Ahmad Sharbini (; born 21 February 1984) is a Croatian football executive and director of NK Rječina and former professional player who played as a striker.

Club career
Ahmad Sharbini began his professional career with HNK Rijeka in the Croatian Prva HNL in January 2003, when he signed his first professional contract. In the first four seasons with the club, he scored 39 league goals and 9 cup goals. With 21 goals to his account, he was the club's leading goalscorer in the 2006–07 season. He was also the league's second top goalscorer behind Eduardo da Silva. In late 2007 and early 2008, he had stints with Al-Wahda FC (Abu Dhabi) and FC Luzern. In mid-2008, Sharbini returned to Rijeka, and in the 2008–09 season, with 17 goals in all competitions, he was the club's joint top goalscorer with his brother Anas Sharbini.

After the first league match in the new season, on 13 August 2009, he signed for Hajduk Split with his brother Anas. During his three years with Hajduk, Ahmad scored only 5 goals and most of the time struggled to make the starting line-up. Following his departure from Hajduk, he had three short stints in late 2012 and 2013, with NK Istra 1961, Al-Wehda Club (Mecca) and NK Jedinstvo Bihać, respectively. Following an 18-month break, since August 2015, Ahmad has been playing for NK Rječina in Croatia's fifth tier. Since mid-2014, he has also been serving as the club's chairman. In 2016 he joined NK Grobničan for one season period.

International career
Sharbini played in the 2001 FIFA U-17 World Championship in Trinidad and Tobago.
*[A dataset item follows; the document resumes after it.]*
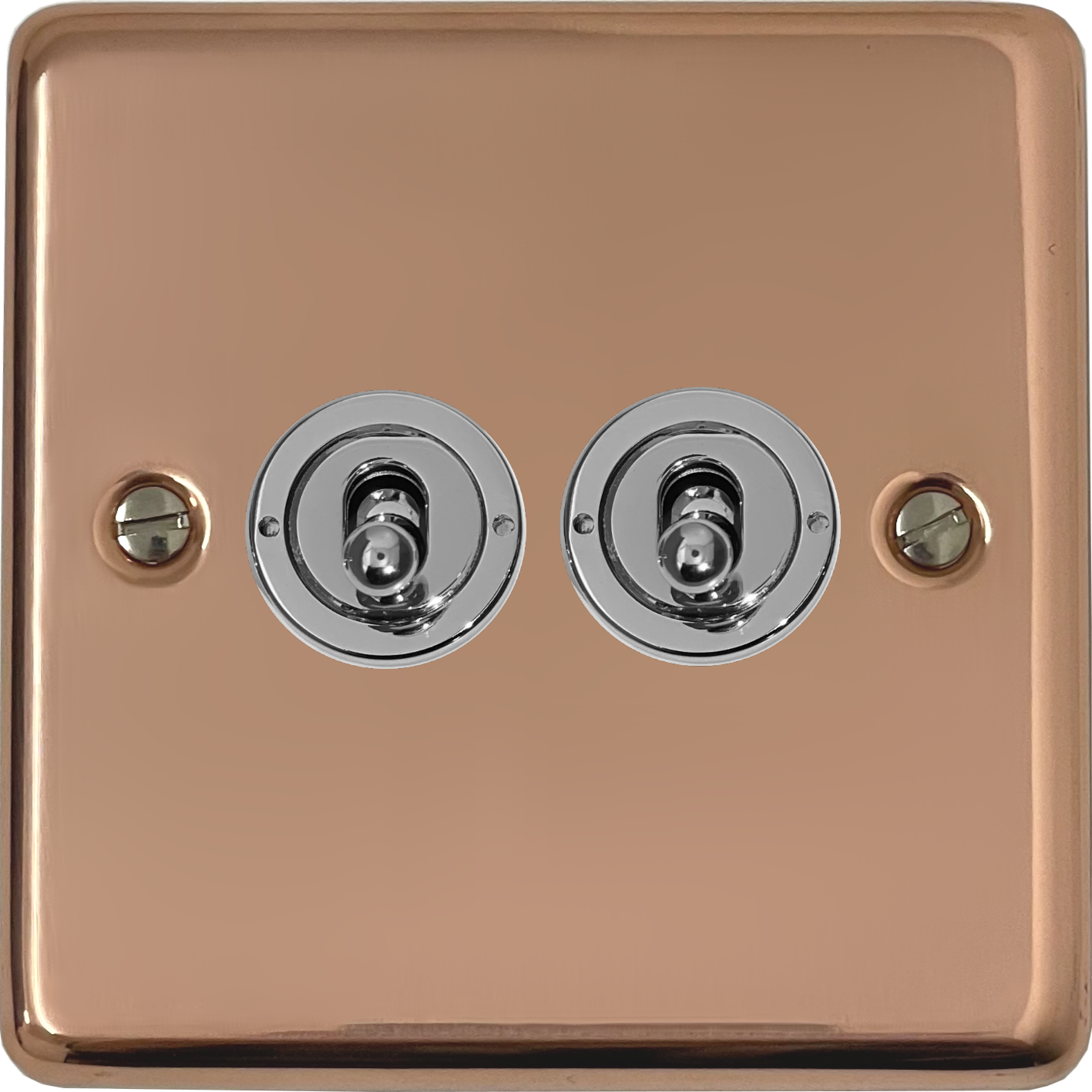 Contour Copper Hand Waxed Toggle Switch (2 Gang)

He also played for Croatia national under-21 football team. He was capped last on 15 August 2006, against Italy national under-21 football team.

Career statistics

Personal life
Sharbini is the older brother of fellow retired footballer Anas Sharbini. He is of Albanian, Croatian and Palestinian descent. He was born in Rijeka to a local Albanian Croatian mother and Palestinian father, Jamal Al-Sharbini, who is from Damascus, Syria.

Achievements
Ahmad Sharbini is HNK Rijeka's leading goalscorer in the Croatian First Football League and the Croatian Football Cup with 54 and 14 goals to his account, respectively.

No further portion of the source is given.